Sunset at the Collosillyum
The Collo'silly'um is presided over by a professionally ridiculous collective known as Bearded Kitten. It is a Roman-style amphitheatre constructed of hay bales with a mud pit at its centre and a stage with a club soundsystem at its helm. The mud pit is a recurring theme but this year it's bigger, better and more ridiculous than ever before. Sunday morning's games begin with 'two of the fittest girls on site' wrestling for each others bras in the mud pit. When faced with a mud pit and a crowd, the world can be divided thusly: either you do or you don't. Over the next five hours, we see some of the bravest and most bang-up-for-it specimens of human that walk the Earth. Eat Yourself To Death, Tug Your Decency, Wet Or Dry and Apple and Eve are just some of the games which are battled out in the pit. 
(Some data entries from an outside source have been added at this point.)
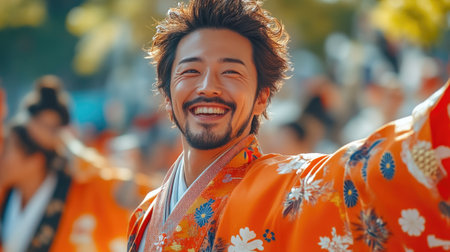 Elegant Man in Kimono Expressing Joy Through Dance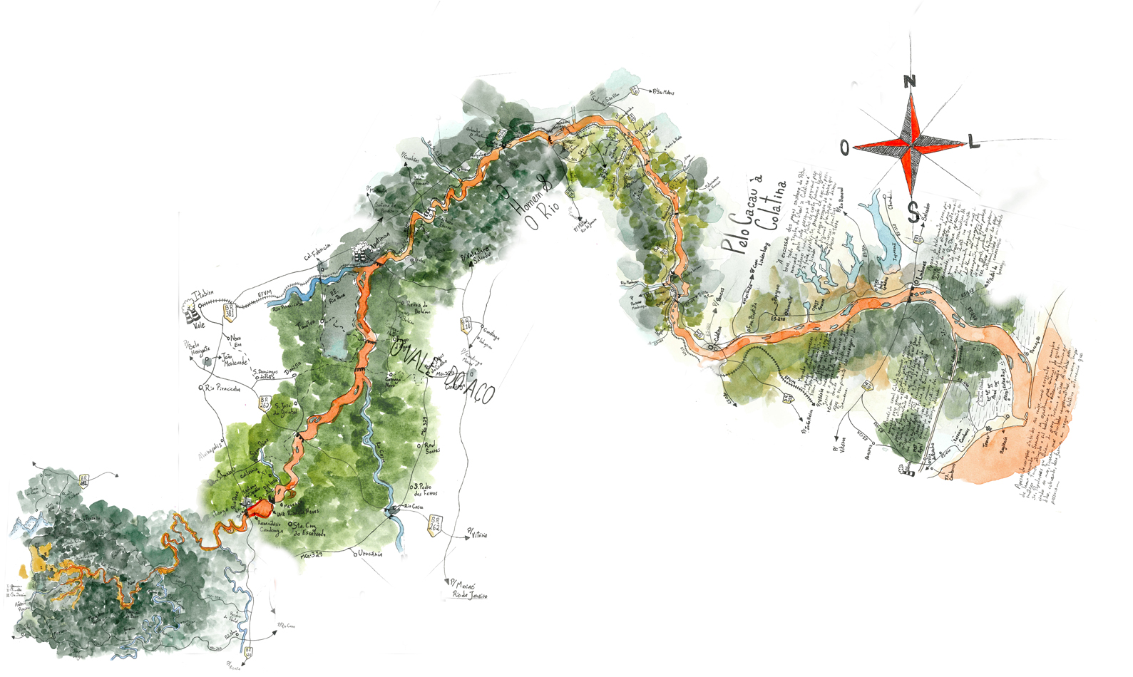 A exposição nasce de uma série de viagens realizadas ao longo dos anos de 2015 e 2016 pelo Rio Doce. Nelas, dois pesquisadores e ilustradores, Artur Sgambatti e Vladimir Ospina, percorreram a totalidade do rio – da foz à cidade de Mariana, para realizar levantamento dos impactos sociais sentidos pelas comunidades ribeirinhas atingidas pela avalanche de lama ocasionada pelo rompimento de barragens de uma mineradora. Tal processo imersivo evidenciou a diversidade, não apenas cultural e geográfica do território, como também os impactos sentidos ao longo do rio, agora morto.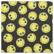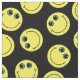 The yellow emoji faces on this fabric have blue eyes. Design has a black background which may be customized to any colour you wish.
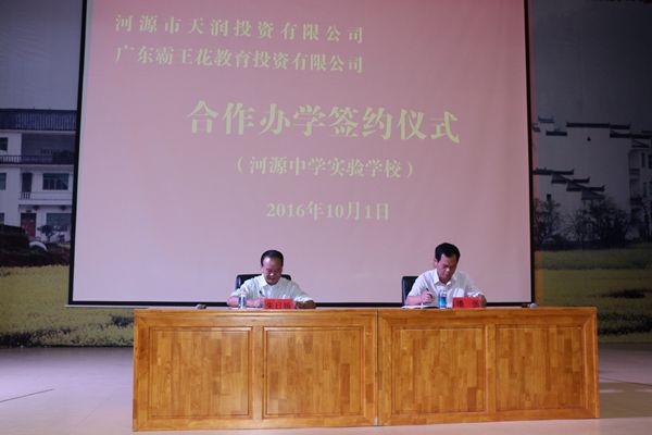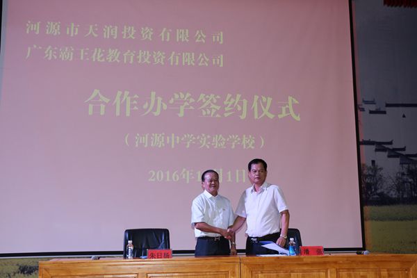 金秋十月,舉國同慶,霸王花人也迎來了一個不同凡響的國慶佳節。2016年10月1日上午10時,霸王花集團旗下教育投資有限公司與天潤投資公司合作辦學簽約儀式在河源實驗學校禮堂隆重舉行。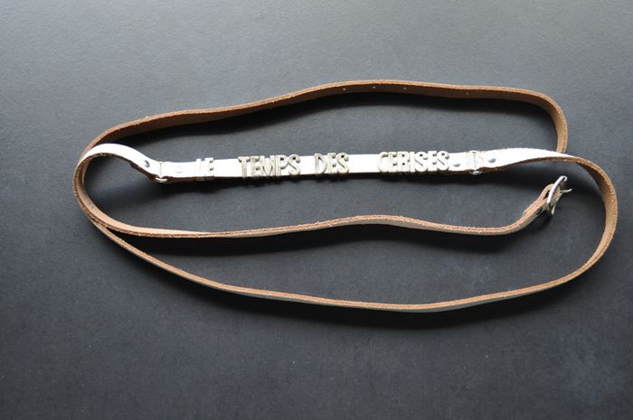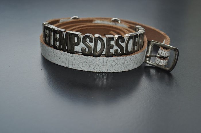 Ceinture blanche en cuir le Temps des Cerises double tour et lettre effet vieilli Taille 85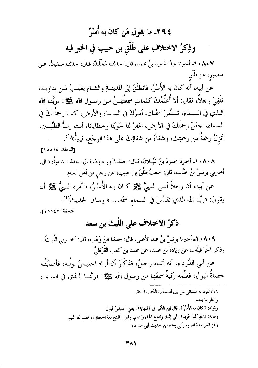 10807 - أَخْبَرَنَا عَبْدُ الْحَمِيدِ بْنُ مُحَمَّدٍ، قَالَ: حَدَّثَنَا مَخْلَدٌ، قَالَ: حَدَّثَنَا سُفْيَانُ، عَنْ مَنْصُورٍ، عَنْ طَلْقٍ، عَنْ أَبِيهِ، أَنَّهُ كَانَ بِهِ الْأُسْرُ، فَانْطَلَقَ إِلَى الْمَدِينَةِ وَالشَّامِ يَطْلُبُ مَنْ يُدَاوِيهِ، فَلَقِيَ رَجُلًا فَقَالَ: أَلَا أُعَلِّمُكَ كَلِمَاتٍ سَمِعْتُهُنَّ مِنْ رَسُولِ اللهِ صَلَّى اللهُ عَلَيْهِ وَسَلَّمَ: «§رَبَّنَا اللهَ الَّذِي فِي السَّمَاءِ، تَقَدَّسَ اسْمُكَ، أَمْرُكَ فِي السَّمَاءِ وَالْأَرْضِ، كَمَا رَحْمَتُكَ فِي السَّمَاءِ اجْعَلْ رَحْمَتَكَ فِي الْأَرْضِ، اغْفِرْ لَنَا حُوبَنَا وَخَطَايَانَا، أَنْتَ رَبُّ الطَّيِّبِينَ، أَنْزِلْ رَحْمَةً مِنْ رَحْمَتِكَ، وَشِفَاءً مِنْ شِفَائِكَ عَلَى هَذَا الْوَجَعِ فَيَبْرَأُ»،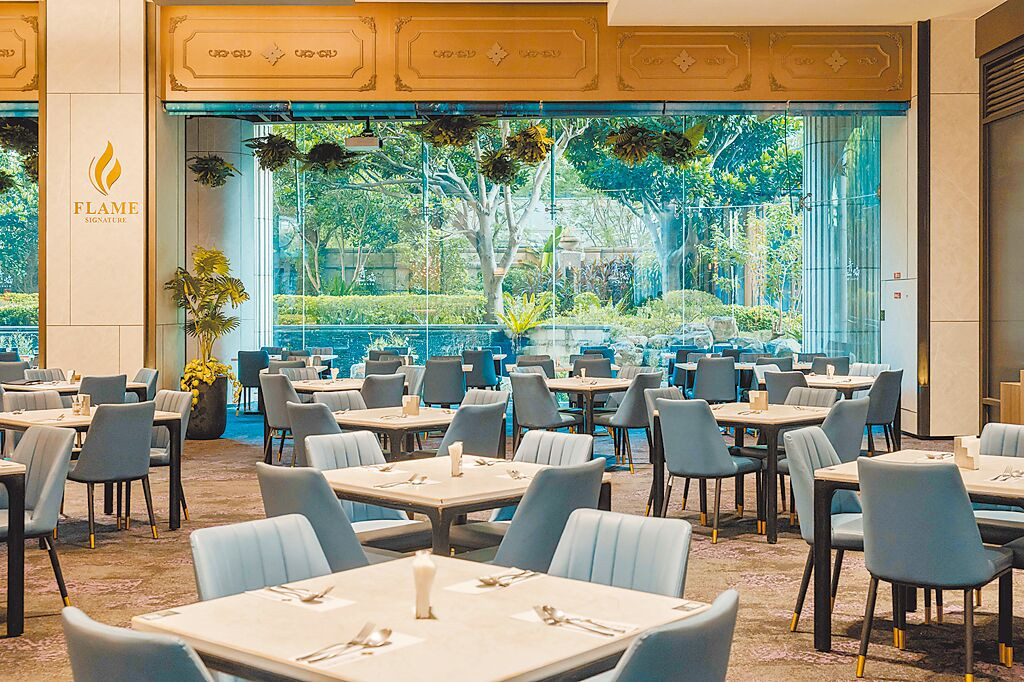 青焰此次進駐台北美麗信花園酒店以全新「青焰FLAME SIGNATURE」視覺映入眼簾,餐廳外呈現浪漫水池庭院和綠意花園,同時附設獨特氛圍的「JIU BAR」酒吧區,提供十多種紅白酒、台灣精釀啤酒與多種經典調酒,品牌更設計獨家主選套餐與創意料理的海陸饗宴,包括「美國極黑和牛」油花細緻均勻,肉質細膩多汁;「極品龍膽石斑佐白酒奶油醬」肉質緊緻彈牙,口感鮮甜高雅;「伊比利老饕豬佐莓果醬」擁有肥瘦相間的大理石紋,脂香迷人。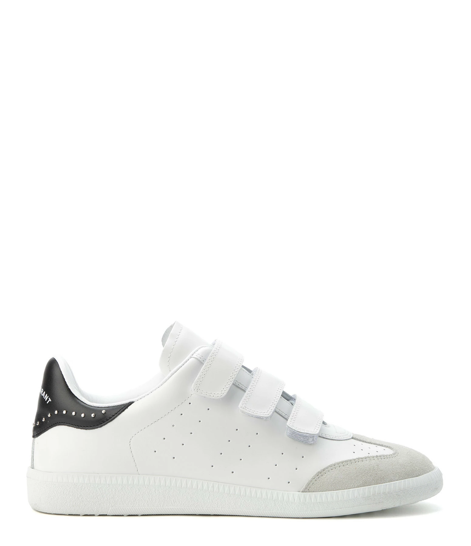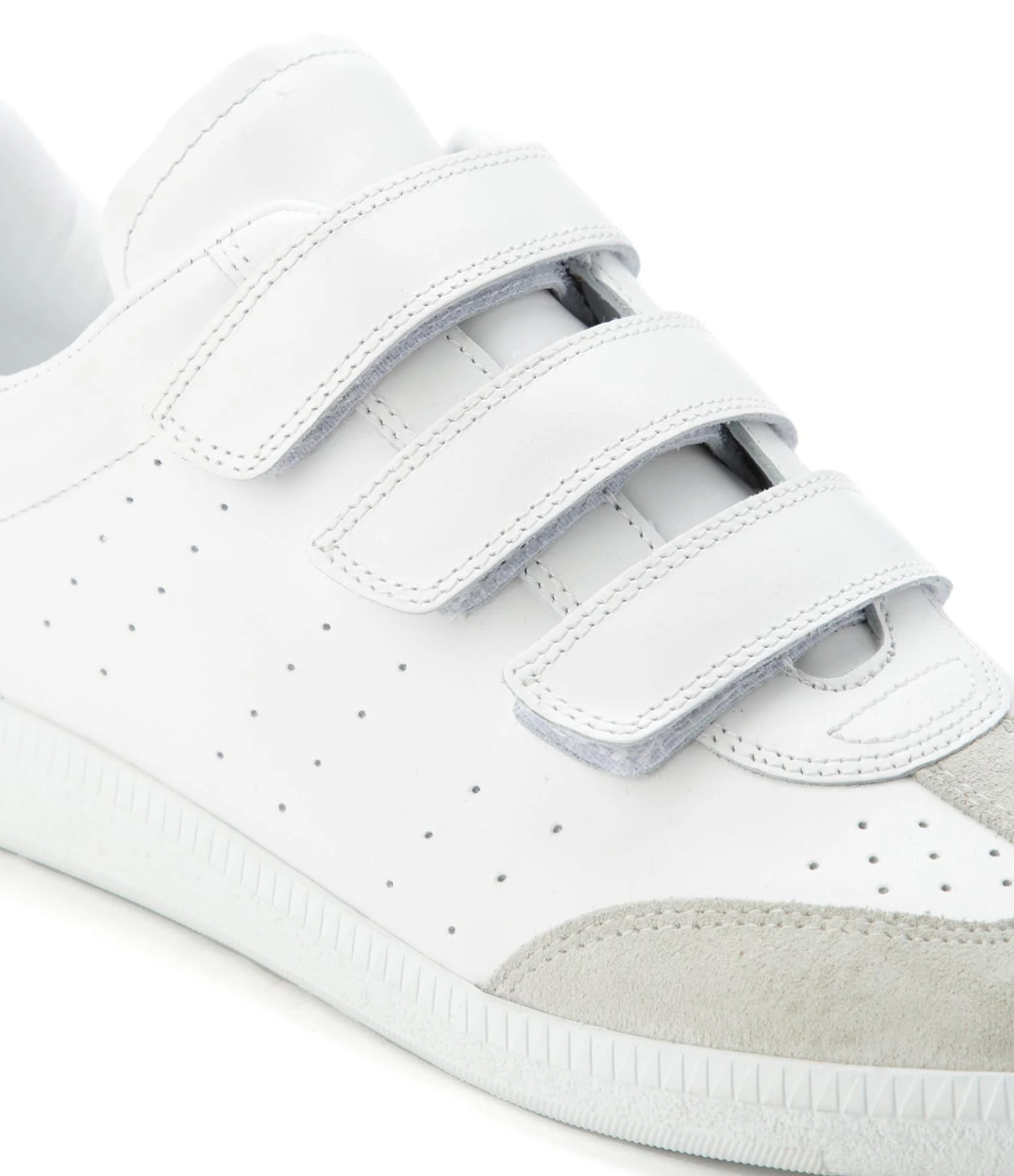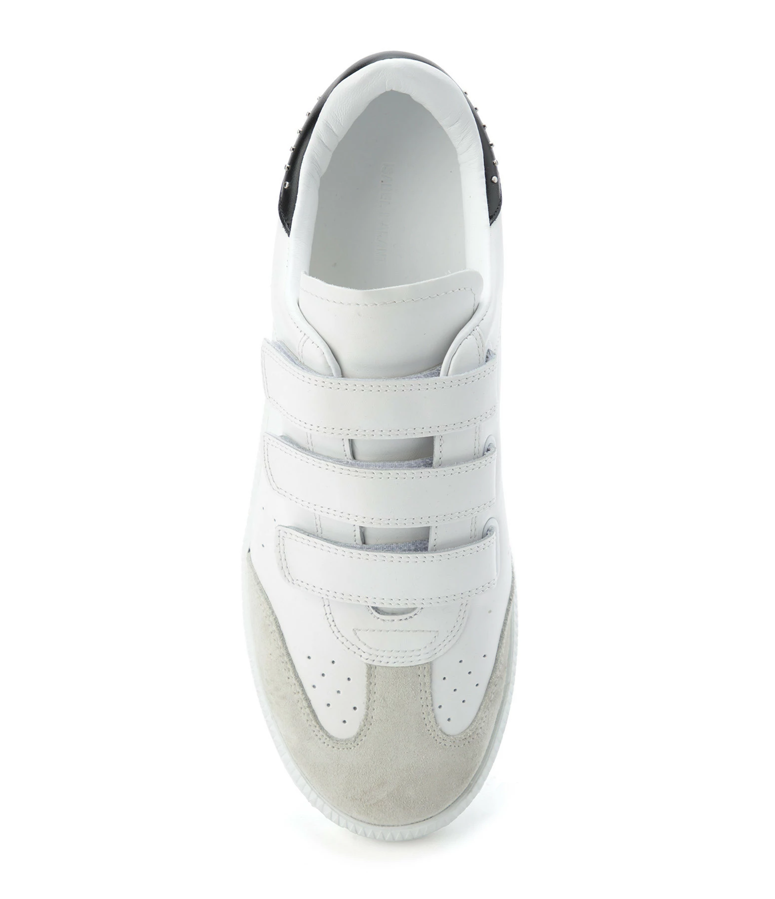 Basket basses en cuir lisse blanc perforé. Empiècement en cuir suédé gris sur l’avant et renfort talon en cuir lisse noir avec rivets métalliques avec inscription “ISABEL MARANT” en lettres argentées. Fermeture par trois scratchs.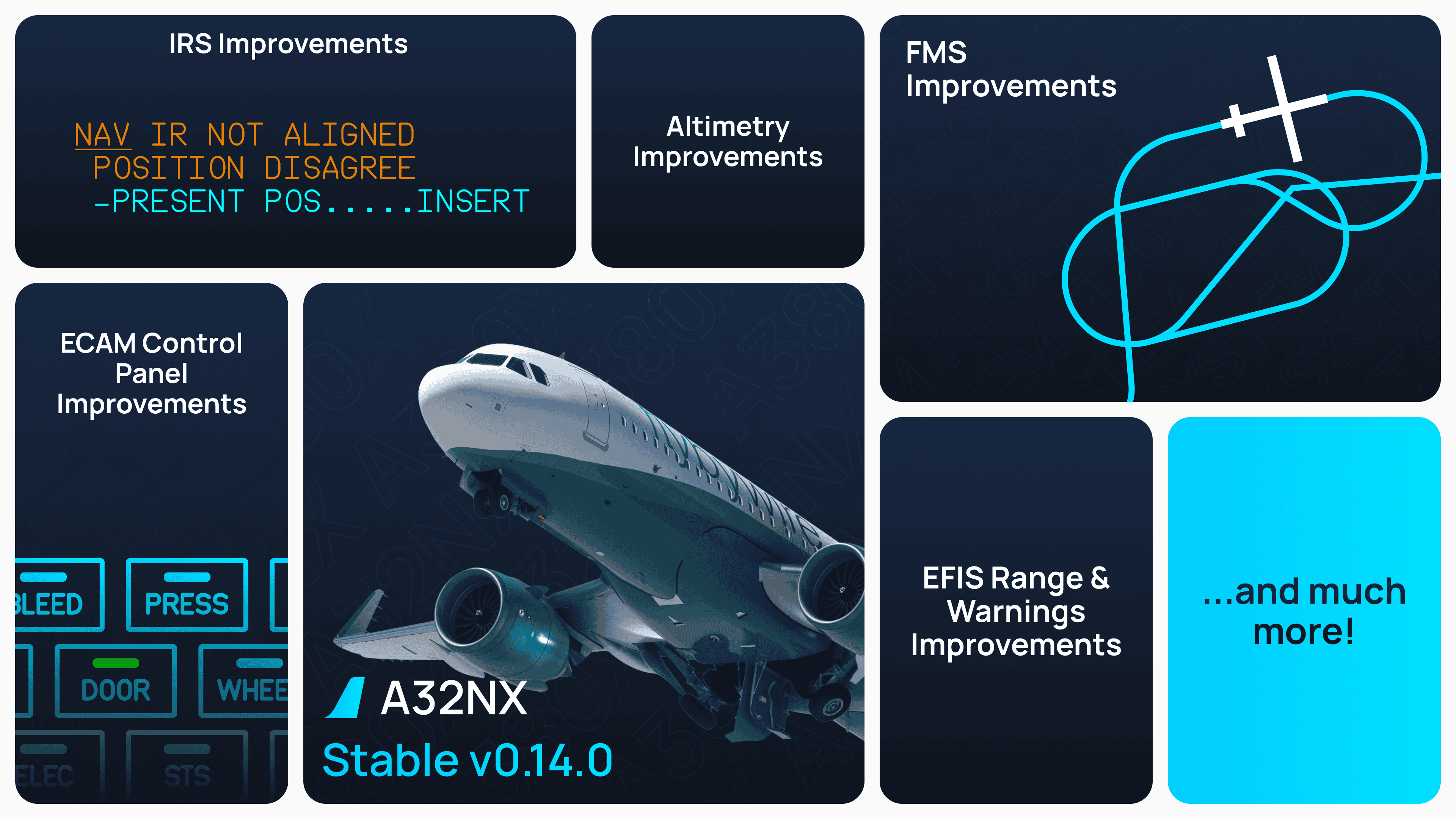 - [A32NX/FWC] Added IRS alignment related faults and improved accuracy of time to align logic - @tracernz (Mike)

A battle between 'two of the fittest girls on site'.
Wet Or Dry – my personal favourite - involves crossing a plank to safety in the most ostentatious way possible while the Kittens try and knock you off with a water canon. If you succeed in crossing, you must ingest a single, dry weetabix. The girl who steps forward for this feat is a nutter with mind-boggling ability. Back and forth she struts, water canon not even causing a stumble, spraying her audience with dry wheat. At one point, a girl behind me shouts 'I've got a tenner on you – if you eat six we split it.' Mishearing, Weetabix girl lifts her thumbs 'You're giving me a tenner? Nice One!' The compere takes this idea and runs with it. The upshot is that Weetabix girl is awarded sixteen pounds and fifty two pence for her troubles. 
A game of 'Eat Yourself To Death' from Bearded Kitten
So what is the secret? What makes this place so special? So personal? It feels in some ways as if it's your own. It has become so much more than just a party to the people who go. It has become, in some small way, a part of them. It's entwined in our fabric. The time we spend together here, who we are together here; is significant. 'The Secret Garden party is YOUR PARTY. It exists because of what is inside you - imagination, freedom, curiosity, energy and irrepressible spirit' say the organisers on the website. It is still afflicted by licensing issues – which means music must stop at 2am – and it probably always will be. The thing is, once you've been a few times, you get used to it. You know the protocol, you sniff out the fun, and when you do, it simply doesn't matter.
Festival savages
Like the all best festivals, Secret Garden Party is a return to the wilds of tribe life; freedom in the wilderness with thousands of other savages in fur and feathers all dancing, beating drums, running round fires, licking metaphorical toads. The gardeners invite their guests to do whatever they see fit. Whatever will make them smile. They are free to swim in the lake (for the first time this year), dance naked in the dawn, wrestle in the mud, roll in the hay. They are encouraged to shrug off their inhibitions, dress up, leave their phone at home and seize the day by the throat. Dwell on the perfection they find in being them. It's like being thrown back into a childhood where no one's around to say no. A childhood brimming with possibility and loads of other kids in fancy dress, all equally delighted and equally irresponsible. You can do anything. Apply these rules – or what you learn in this environment - to life and that's where it gets interesting. You can do anything – and that's the lesson or the sensation, the spark – that the gardeners want you to take away. Live to dream, live to laugh, strive to love.